A descent from fossil-fuel dependent civilisation is clearly desirable, with climate change threatening uncomfortable changes and the daily reality of ongoing local environmental damage (let us not forget that Nigeria has experienced worse, yet barely reported, oil spills than the Gulf of Mexico over an extended period, or that since Deepwater Horizon’s tragic demise there has been a further spill, this time in Alaska, in which BP is implicated). However, a good plan must consider all available resources, and the offshore and infrastructural expertise in the oil industry could be borne in mind.
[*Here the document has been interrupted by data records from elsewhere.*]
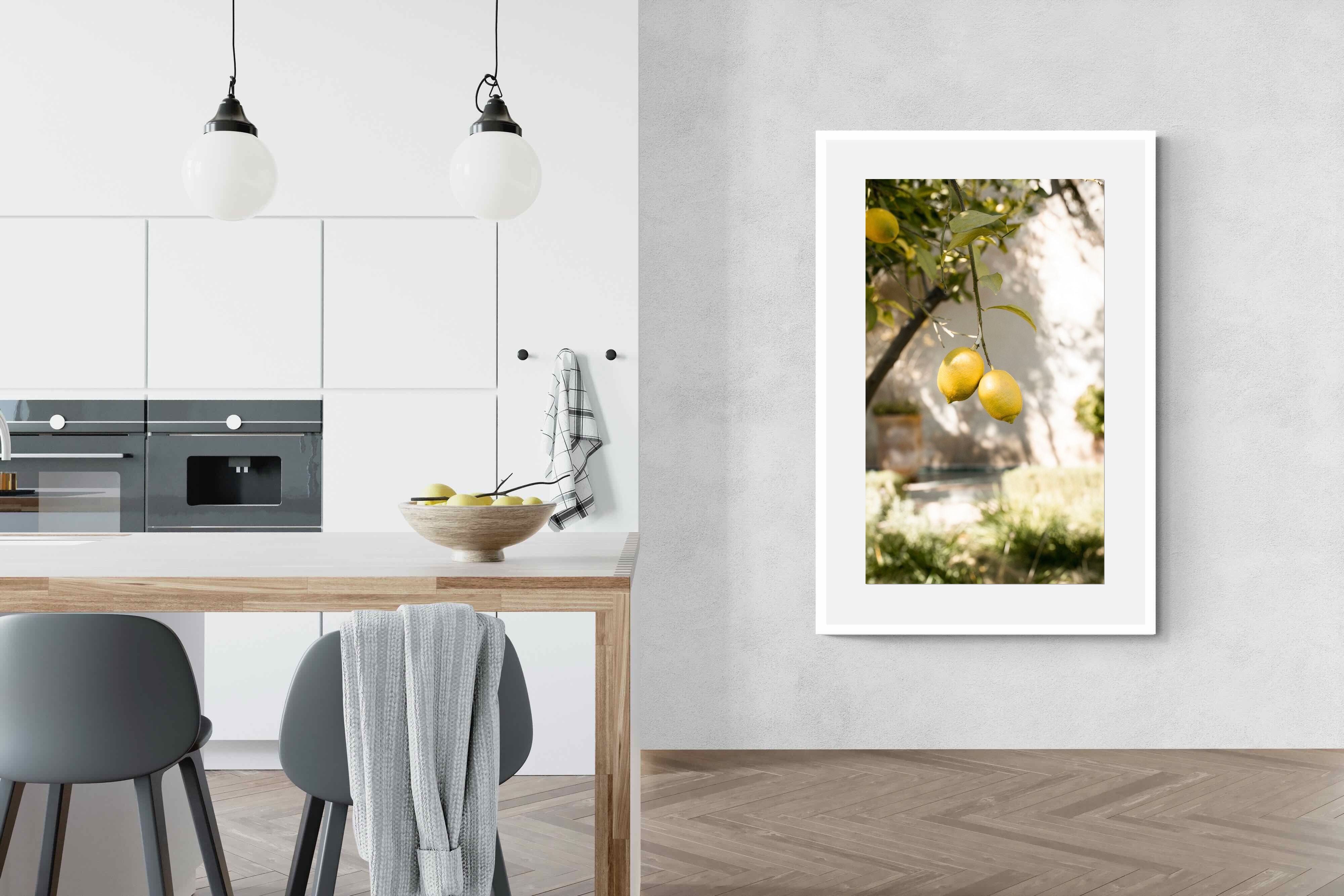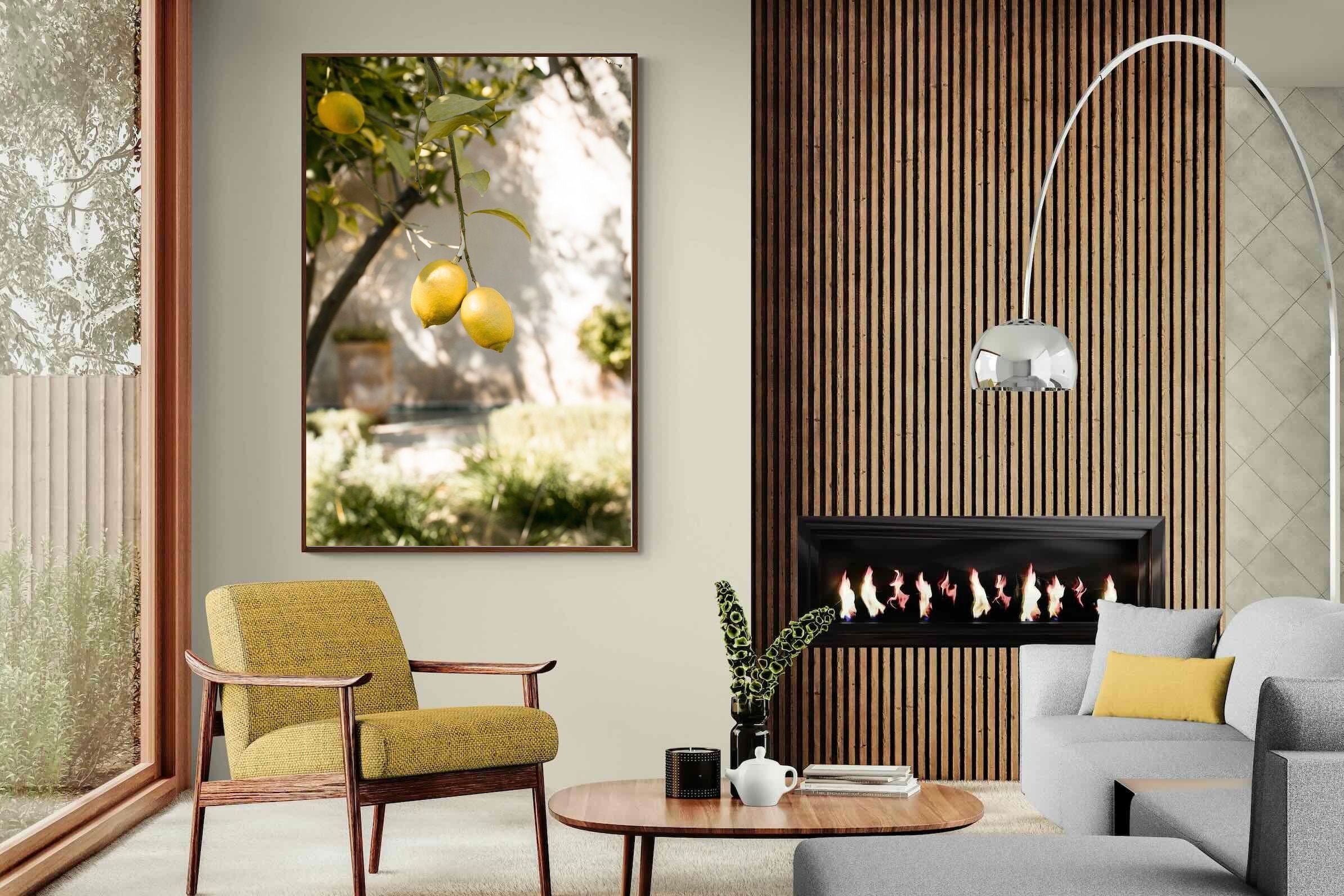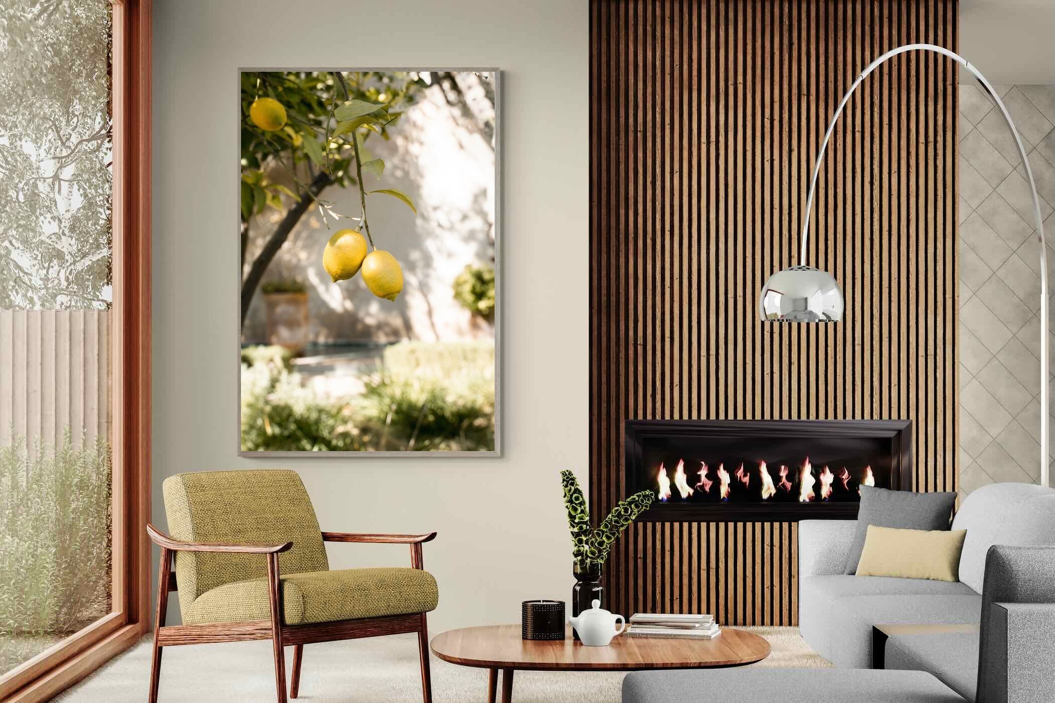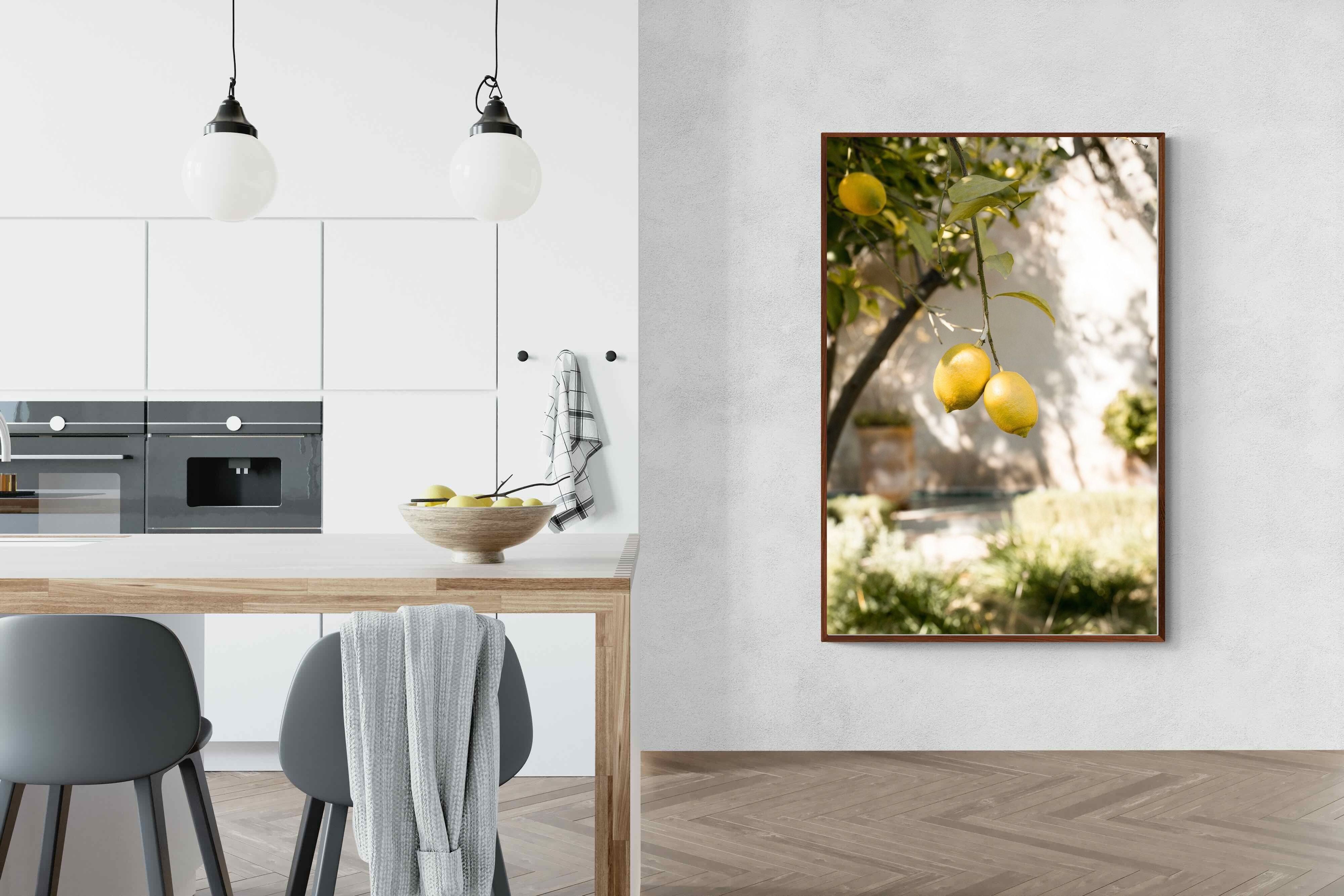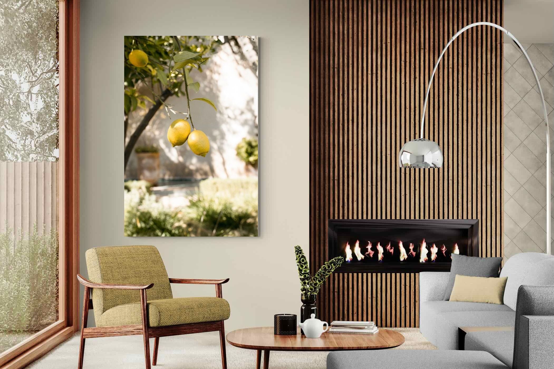 Golden lemons hang from slender branches against a softly blurred Mediterranean garden backdrop. Warm sunlight enhances the vibrant citrus tones while muted plaster walls add balance and depth. The composition feels fresh yet refined, capturing the essence of southern European living. Ideal for kitchens, dining areas or coastal-inspired interiors, this artwork introduces colour, warmth and timeless Mediterranean character.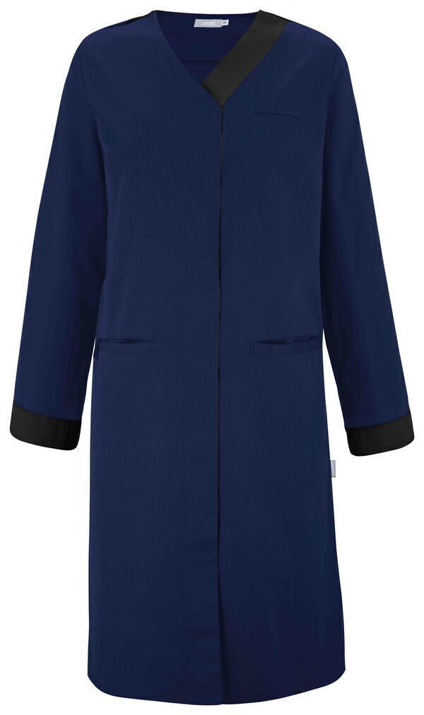 Blouse femme. Fermeture milieu devant par boutons-pression cachés. Passant porte-badge côté gauche, 2 poches passepoilées dont une à 3 compartiments et un passant pendoir côté. Oeillets d'aération brodés sous les bras, manches longues retroussables avec bas de manches revers contrastés. Longueur : 100 cm.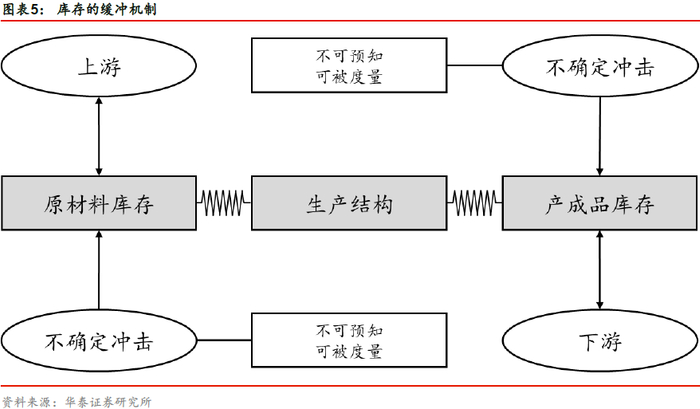 库存的调节机制、产能的调节机制、产品的更新迭代、自我管理优化都是企业为了应对不确定性所必备的能力,我们可以称其为缓冲机制。以库存为例,企业一般都有原材料库存和产成品库存,原材料库存与上游直接连接,产成品库存与下游直接连接。但两个库存与企业核心的生产结构是弹性连接,所谓弹性连接是指,外部的不确定冲击会直接反映在库存上,但是冲击会经过库存的消化缓冲,然后才会传导至生产结构。库存的结构能够对外部冲击起到一定的过滤作用,使得生产结构不至于直接被冲击,类似减震器的作用。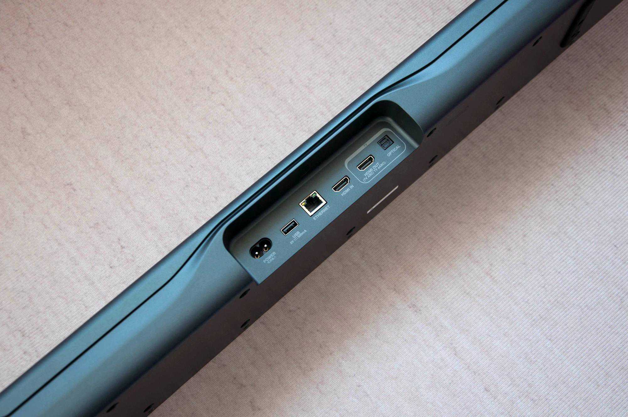 接口方面,从左至右分别是,电源接口、USB接口、网线接口、HDMIIN接口,HDMIOUT(TVARC/TVeARC)接口和一个OPTICAL光纤接口。大家可以根据自己需求,接入不同的设备,我家平时只用电源接口和HDMIOUT接口,所以连接方式也不难。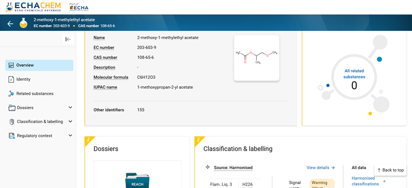 ECHA 提供了 ECHA CHEM 網站 (新版),列出了多種化學物質的危害分類與標示、CAS NO. 等數據,應為目前業界公認最大的化學物質數據資料庫。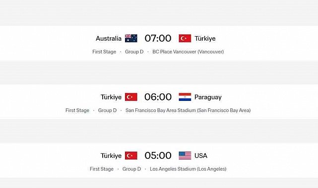 A Milli Futbol Takımı'nın, 2026 FIFA Dünya Kupası D Grubu'nda 20 Haziran Cumartesi günü oynayacağı Paraguay maçının başlangıç saati TSİ 07.00'den, TSİ 06.00'ya alındı.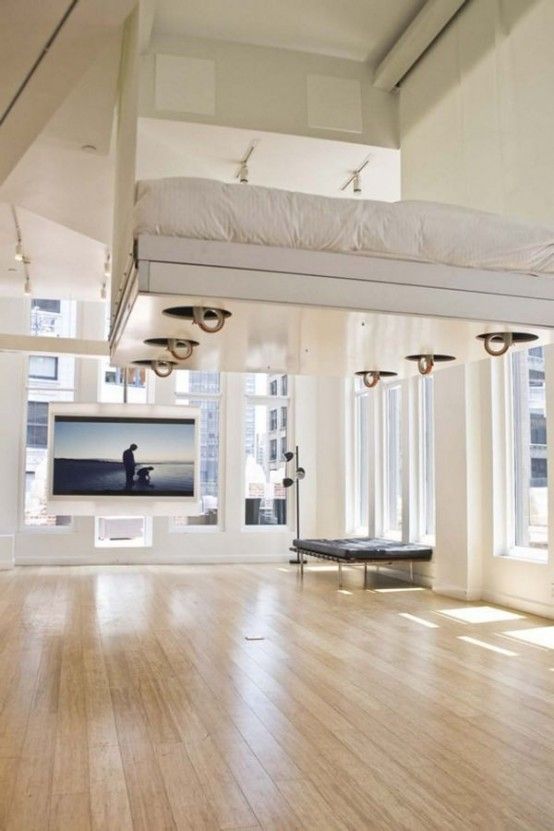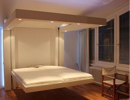 Patul care se ridica si ulterior se retracteaza in interiorul mobilei este o idee folositoare. Pentru a pune in practica aceasta idee aveti nevoie de sprijinul unui tamplar care sa va creeze dupa masuratori precise mobila si patul.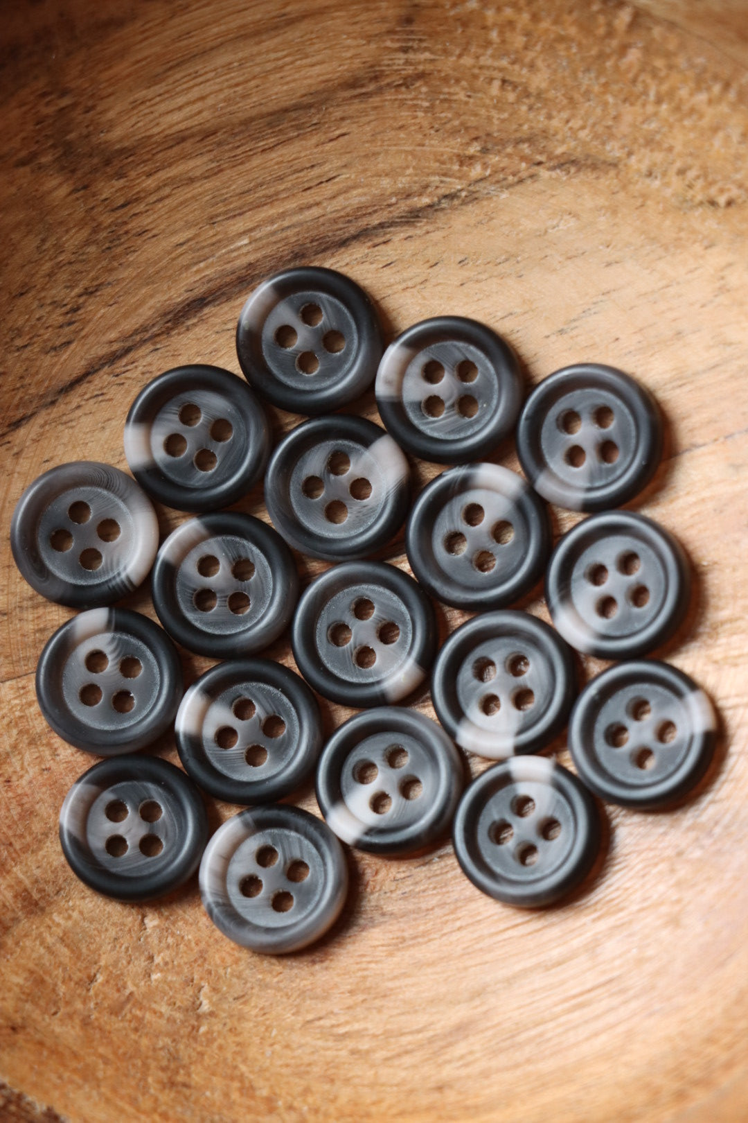 These four-hole marbled buttons are a staple choice for sewists who love a timeless finish. With a glossy surface and subtle swirling patterns, each button has slight variations, making every one unique.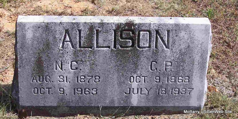 SSW: N. C. - Research Note: His wife when he died was Tina Allison. He was a stone cutter for a monument company. Son of James Warren Allison born KY and Mary Ann Wright born TN. Roy Craig of Rural Cassville, MO was the informant on the death certificate. Gabriel P. Allison married Margaret Longley, May 1, 1891, in Barry Co., MO, and were married by David A. Cole, Minister of the Gospel. Gabriel was age 24 and Margaret was age 23. - Information at ancestry.com says Margaret died in 1888 and is buried at Washburn Prairie but she is not listed. Might not have a stone. According to the 1910 Census, Gabriel had been married twice, currently married to Nancy C. "Tina" for 13 years. She was the mother of 5 children, 2 living. Gabriel was 40 years old, married twice, and Tina 30, married once. Children Myrtle, age 12 and Nadine J., age 2. | Death Certificate MO Marriage Records Census Phyllis Long Photo Diana Cope |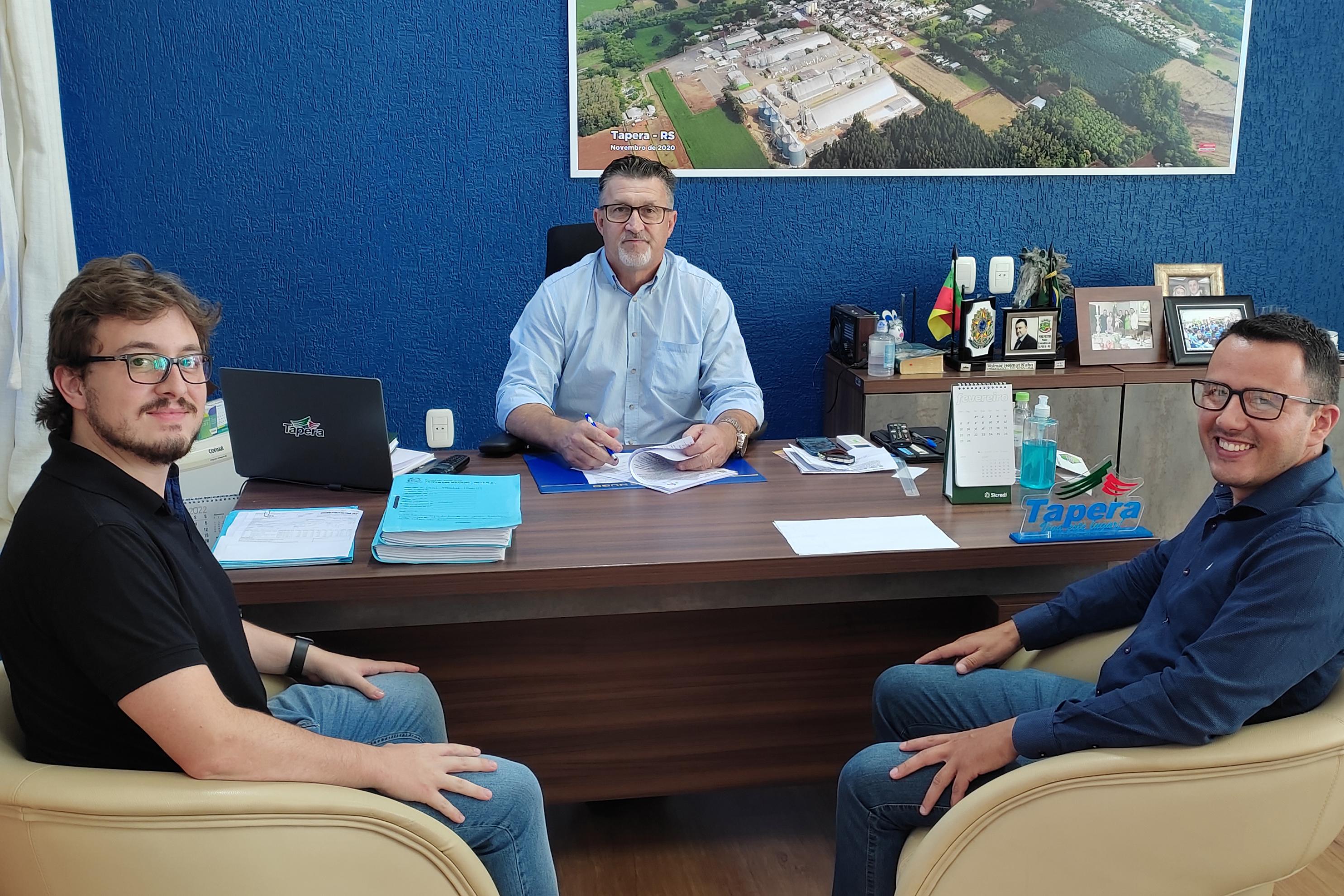 Ontem à tarde, 23/02, foi assinado o contrato para Coleta de Resíduos no município de Tapera. Participaram do ato o prefeito Volmar Helmut Kuhn, o secretário de Desenvolvimento Elias Goulart e o representante da Ecosul Coleta de Resíduos Ltda, Antônio Marco Duarte Borges.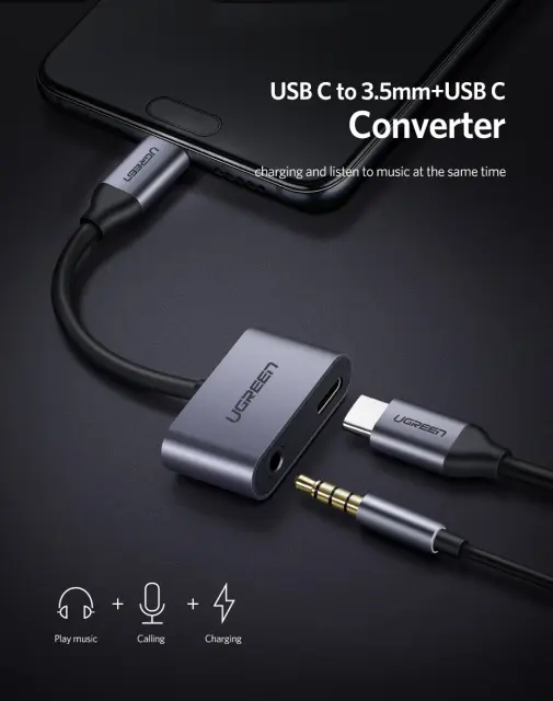 UGREEN USB-C polnilni adapter je zasnovan tako, da vam nudi 3,5-mm vtič za povezavo vaših najnovejših pametnih telefonov USB-C, ki so odstranili aux priključek. S tem zvočnim adapterjem lahko še vedno uporabljate vaše najljubše slušalke, saj deluje tako kot vaš zadnji telefon s 3,5-milimetrskim vtičem.

More constructive than a gleeful trumpeting of BP’s 50% share value loss over the last two months would be a plan which is capable of using their considerable expertise and resources towards more benign and progressive goals. After all, their carefully projected clean and sunny image of numerous PR campaigns is already in place.

At the very least, a grip on the prerequisites for the current global lifestyle would be helpful. We live oil-hungry lives, but it is not at all clear that a reduction in our usage would be as uncomfortable as we are led to believe, nor so difficult to replace. An ‘us and them’ attitude will help no-one. Although low-tech solutions may feature in our future, like it or not, we have deposited much of our knowledge and skill in BP and its industry colleagues, and it may be reasonable and timely to request that it be made to work for us. After all, the collapse of BP would be unlikely to result in any significant slowing of worldwide oil extraction, while even their own operations would almost certainly continue under a different name. Rose-tinted though our spectacles may be, if there is even the merest chance that their skills could be put to getter use, we can ill afford the demise of a momentarily ailing energy corporation and the wasted opportunity that this could present.